▸ Data excerpts
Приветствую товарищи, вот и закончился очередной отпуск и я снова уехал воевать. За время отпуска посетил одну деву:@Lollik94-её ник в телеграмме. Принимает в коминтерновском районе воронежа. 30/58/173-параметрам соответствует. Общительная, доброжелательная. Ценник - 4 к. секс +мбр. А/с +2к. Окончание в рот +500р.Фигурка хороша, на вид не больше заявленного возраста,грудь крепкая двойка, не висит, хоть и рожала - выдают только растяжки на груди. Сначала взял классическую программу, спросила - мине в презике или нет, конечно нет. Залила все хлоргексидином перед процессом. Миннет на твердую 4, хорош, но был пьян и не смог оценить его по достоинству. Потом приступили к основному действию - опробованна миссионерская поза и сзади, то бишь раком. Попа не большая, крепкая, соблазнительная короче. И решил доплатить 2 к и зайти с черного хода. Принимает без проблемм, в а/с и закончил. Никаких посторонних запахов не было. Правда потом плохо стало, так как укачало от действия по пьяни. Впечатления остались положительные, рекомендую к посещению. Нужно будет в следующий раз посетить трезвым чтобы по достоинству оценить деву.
---
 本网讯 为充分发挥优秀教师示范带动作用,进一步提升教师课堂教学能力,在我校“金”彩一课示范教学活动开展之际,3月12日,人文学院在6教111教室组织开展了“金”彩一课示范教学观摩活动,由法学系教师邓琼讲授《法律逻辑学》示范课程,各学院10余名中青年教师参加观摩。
---
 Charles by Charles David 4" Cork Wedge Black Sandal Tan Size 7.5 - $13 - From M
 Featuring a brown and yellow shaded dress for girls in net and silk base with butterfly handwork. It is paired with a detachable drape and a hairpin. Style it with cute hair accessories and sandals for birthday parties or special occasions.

▸ Required action
When you reach the line holding "Charles by Charles David" in the records above, begin reproducing exactly, stop after the line holding "Featuring a brown", and output nothing else.

▸ Written answer
 Charles by Charles David 4" Cork Wedge Black Sandal Tan Size 7.5 - $13 - From M
 Featuring a brown and yellow shaded dress for girls in net and silk base with butterfly handwork. It is paired with a detachable drape and a hairpin. Style it with cute hair accessories and sandals for birthday parties or special occasions.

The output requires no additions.